__What is expected__
Begin at the line below that has "The Dark Grey" and stop after the line that has "Vestido midi estampado". Please restate only those lines, word for word.

__Data shown__
# # # # #
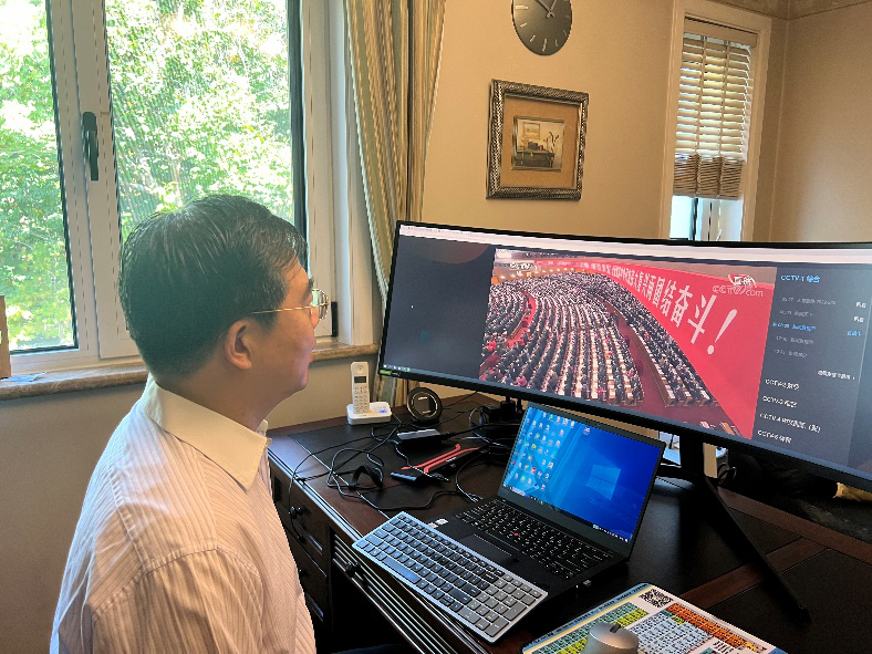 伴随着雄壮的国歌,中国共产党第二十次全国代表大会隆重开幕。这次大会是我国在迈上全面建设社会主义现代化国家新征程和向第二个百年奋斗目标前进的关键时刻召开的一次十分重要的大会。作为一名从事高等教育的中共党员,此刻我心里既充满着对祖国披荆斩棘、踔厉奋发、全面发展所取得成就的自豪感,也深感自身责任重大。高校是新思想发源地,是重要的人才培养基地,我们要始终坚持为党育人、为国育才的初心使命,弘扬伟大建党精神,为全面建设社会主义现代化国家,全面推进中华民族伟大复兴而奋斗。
# # # # #
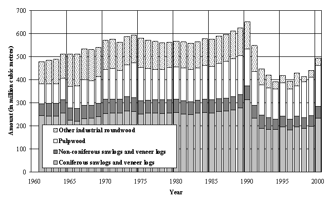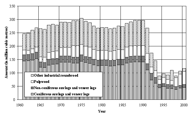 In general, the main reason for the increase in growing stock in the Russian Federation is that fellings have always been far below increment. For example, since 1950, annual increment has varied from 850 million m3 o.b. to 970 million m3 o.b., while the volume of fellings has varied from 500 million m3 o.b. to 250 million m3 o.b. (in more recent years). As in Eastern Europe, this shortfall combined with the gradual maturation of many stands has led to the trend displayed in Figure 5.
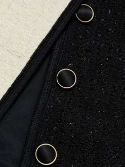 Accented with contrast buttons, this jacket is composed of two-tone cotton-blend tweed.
# # # # #
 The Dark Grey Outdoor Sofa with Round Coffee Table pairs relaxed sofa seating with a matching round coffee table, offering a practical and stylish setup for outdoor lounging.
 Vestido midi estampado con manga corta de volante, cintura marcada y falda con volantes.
# # # # #
__The answer__
 The Dark Grey Outdoor Sofa with Round Coffee Table pairs relaxed sofa seating with a matching round coffee table, offering a practical and stylish setup for outdoor lounging.
 Vestido midi estampado con manga corta de volante, cintura marcada y falda con volantes.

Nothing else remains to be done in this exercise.